In closing, 2008 should turn out to be another year of solid progress in delivering our results, improving our businesses, executing our strategies and making Air Products a great investment for our shareholders.

We believe our steady record of growth and improvement over the past four years is evidenced by the results we have delivered, double digit sales growth, double digit earnings growth and a meaningful improvement in return on capital for all four years. We the employees of Air Products have a great deal to be proud of, sales in 2007 exceeded $10 billion for the first time. We generated net income of $1 billion and achieved the return on capital goal we've set in 2004.

We also have proven to be good stewards of our shareholders money by investing wisely back in the business, making good use of debt capital available to us, increasing the dividend for the 25th straight year and continuing to buyback shares with the remaining cash. These facts are evidence of Air Products' underlying strength and excellent prospects for growth. Our people are focused on delivering today and continuing to deliver in the future.

We're all excited about the opportunities the future holds as we continue to profitably grow by winning and executing on new projects, improving our margins by 300 basis points over the next three years by driving productivity, increasing plan efficiency and improving our business mix. Delivering increased value to our customers through technical solutions that address the markets and our customers' most urgent needs, and continuing to develop our people around the world to meet greater challenges. Our people represent the essence of the Air Products difference. They are the ones who create those shareholder and customer value.

Thank you and now I turn the call over to Janelle to take your questions.

Question And Answer

Operator

Thank you. [Operator Instructions]. We'll take our first question today from P.J. Juvekar from Citi.

P. J. Juvekar - Citigroup

Good morning.

Paul E. Huck - Vice President and Chief Financial Officer

Good morning P.J.

Nelson Squires - Director, Investor Relations

Hi P.J.

P. J. Juvekar - Citigroup

You know you have a goal of raising operating margins by 100 basis points for the next three years.

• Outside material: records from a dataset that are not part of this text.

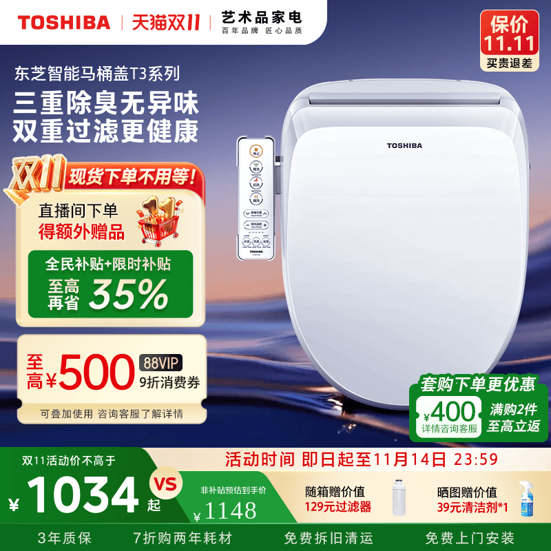 东芝智能马桶盖全自动家用通用即热加热抗菌电动马桶座圈T3p/T400
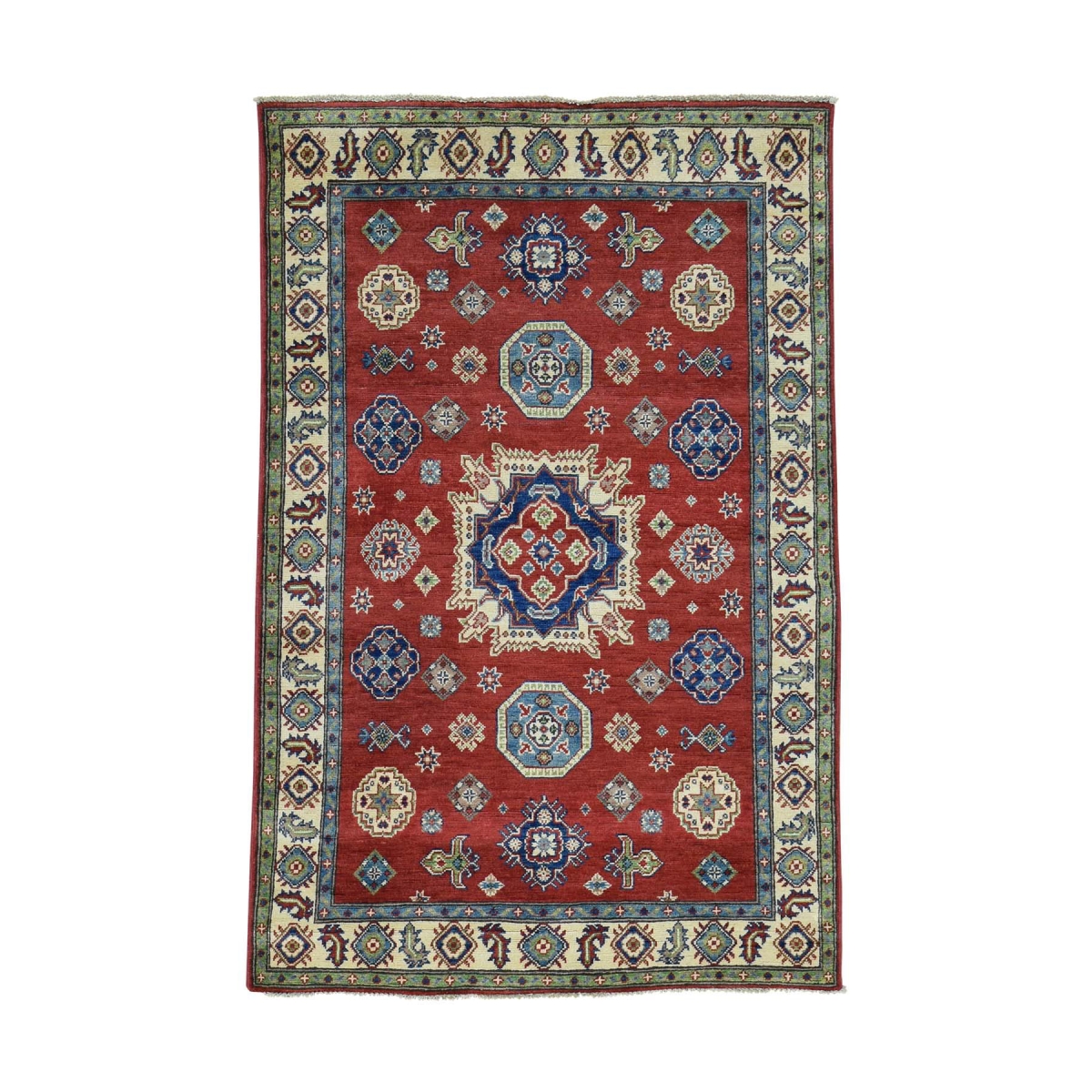1800 Get A Rug sh31296 4 ft. x 6 ft. 2 in. Tribal Kazak Hand Knotted Pure Wool Oriental Carpet Red
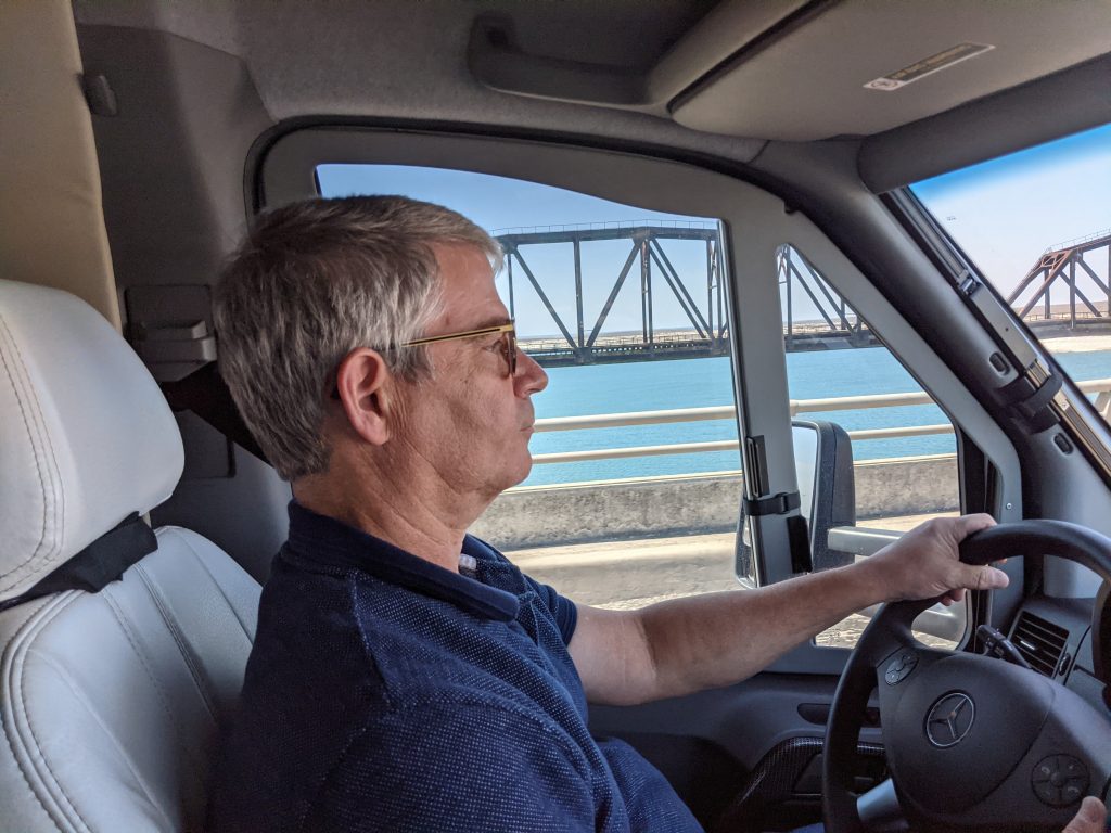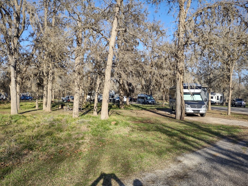 Broke camp, filled propane tank, headed west on I-10. Drove through downtown Houston; we’ve never seen so many Jersey barriers in our lives! Along the way we had breakfast bowls at a Waffle House. The overage (huge bowls of food) will be breakfast tomorrow. I-10 was crowded even on Sunday. We can only imagine what it’s like on a workday. Houston is purely ugly. We finally got past Houston. Our fuel gage went to the warning level, but there was at least five gallons left in the tank. Fuel was cheaper west of Houston. The Steven F Austin SP is very nice. Flat pull-through sites on a loop, wooded with shade.
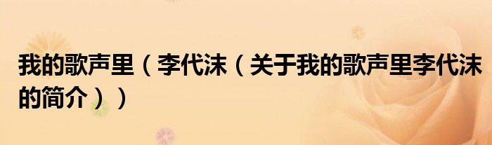 大家好,我的歌聲里 李代沫,關于我的歌聲里 李代沫的簡介很多人還不知道,現在讓我們一起來看看吧!
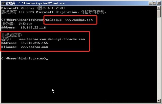 输入:“nslookup 要检测的域名”,查看结果。
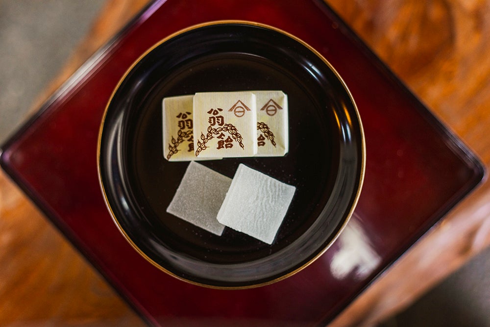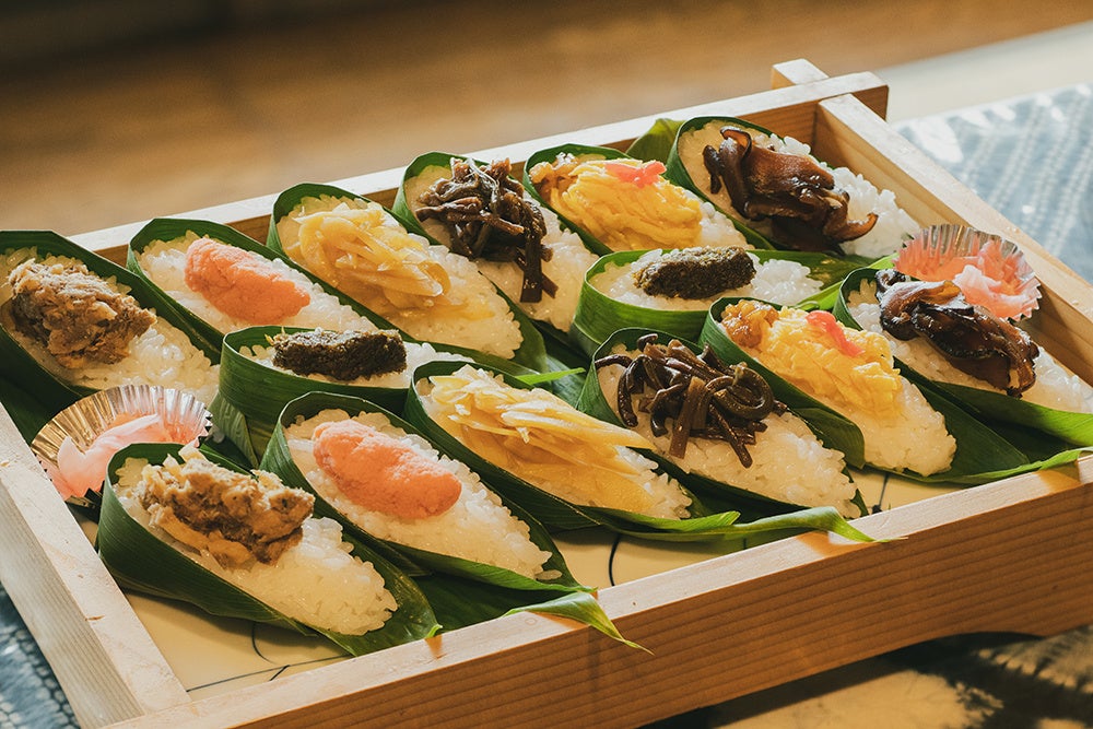 多彩な具材と酢飯のハーモニーが味わえる笹箕寿司の体験と、日本で最も古い飴屋さんが手掛ける水飴に寒天を加えて固めたお菓子のセット。

Paul E. Huck - Vice President and Chief Financial Officer

Yes.

P. J. Juvekar - Citigroup

Can you achieve that with the current portfolio or do you need to exit chemicals and/or equipment business for that?

Paul E. Huck - Vice President and Chief Financial Officer

Well certainly P.J. a factor in here is for us and the sell out polymers businesses as we talked about. The polyurethane intermediates business we're going to keep. It doesn't impact the... our goals for margin. As far as for other things that we have the margin improvement plans which we pretty much laid out for people to deliver on net margin improvement over the next three years.

P. J. Juvekar - Citigroup

And then by selling HPPC, Paul, are you saying that the Ashland acquisition did not work out as well as you thought?

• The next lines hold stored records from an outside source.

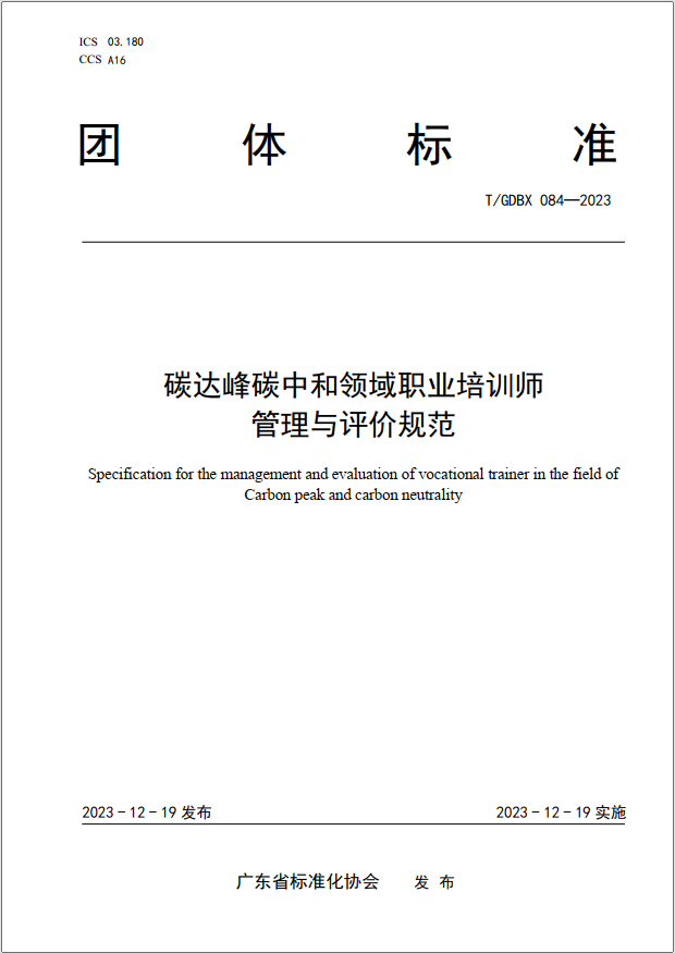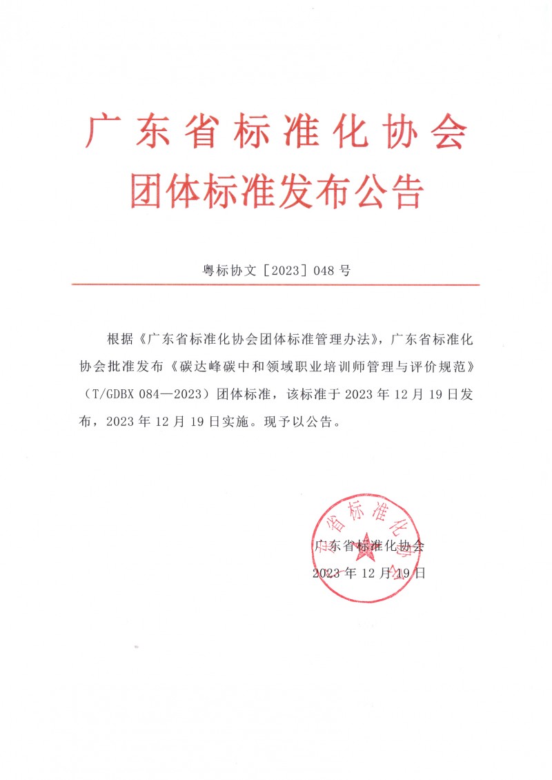 根據《廣東省標準化協會團體標準管理辦法》,廣東省標準化協會批準發布《碳達峰碳中和領域職業培訓師管理與評價規范》(T/GDBX 084—2023)團體標準,該標準于2023年12月19日發布,2023年12月19日實施。現予以公告。
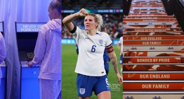 Hay una escalera en la que cada peldaño tiene un mensaje positivo, para recordarle a las futbolistas por que buscan ganar el Mundial de Australia y Nueva Zelanda.
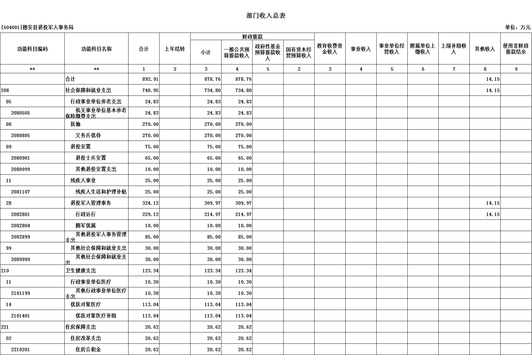 2025年德安县退役军人事务局收入预算总额为892.91万元,较上年预算安排增加81.39万元;财政拨款收入878.76万元,较上年预算安排增加76.2万元;教育收费资金收入0万元,较上年预算安排增加0万元;事业单位经营收入0万元,较上年预算安排增加0万元;国库集中支付网上结转0万元,较上年预算安排增加0万元。
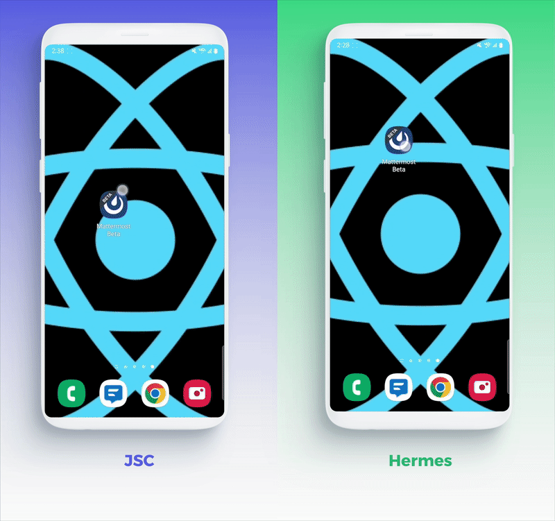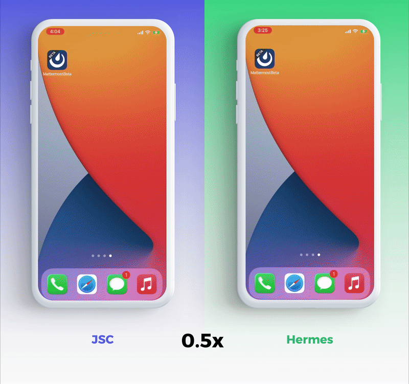 TTI (time to interactive) to czas od uruchomienia aplikacji do momentu, w którym użytkownik może z nią współdziałać. W tym benchmarku definiujemy go jako czas od naciśnięcia ikony aplikacji do wyrenderowania pierwszego ekranu. Pokazujemy również nagrania ekranu uruchamiania Mattermost.

Paul E. Huck - Vice President and Chief Financial Officer

No, I am not, and we really, we had three products which we got, HPPC was one of them, but we also bought a strippers business in a... and we also bought a CMP cleans business. Those other two businesses were... and they were the reason for why we bought this business. We didn't ascribe a whole lot of value to the high period of processed chemicals, it was a decent portion of their sales, but if you just go back and look at the growth in which we have had and what we have been able to do in those businesses, the Ashland acquisition is still a good acquisition for our electronics business both now and in the future.

P. J. Juvekar - Citigroup

And just lastly Paul, are you disappointed with the pace of margin recovery in healthcare? Thank you.

Paul E. Huck - Vice President and Chief Financial Officer

Certainly, we don't like the pace and we fell short of our goal this year which we already admit to. We've got a goal for next year and we are... we've taken the steps which we think are right to make it happen.

Operator

And we will take our next question from Bob Koort from Goldman Sachs.

Robert Koort - Goldman Sachs

Thanks, good morning

Paul E. Huck - Vice President and Chief Financial Officer

Good morning Bob.

Robert Koort - Goldman Sachs

A couple of questions. First, Paul the merchant trends I guess, the monthly tranche provide show a little more strength through August. Did we see a deceleration in September and is there anything that gives you cause for concern.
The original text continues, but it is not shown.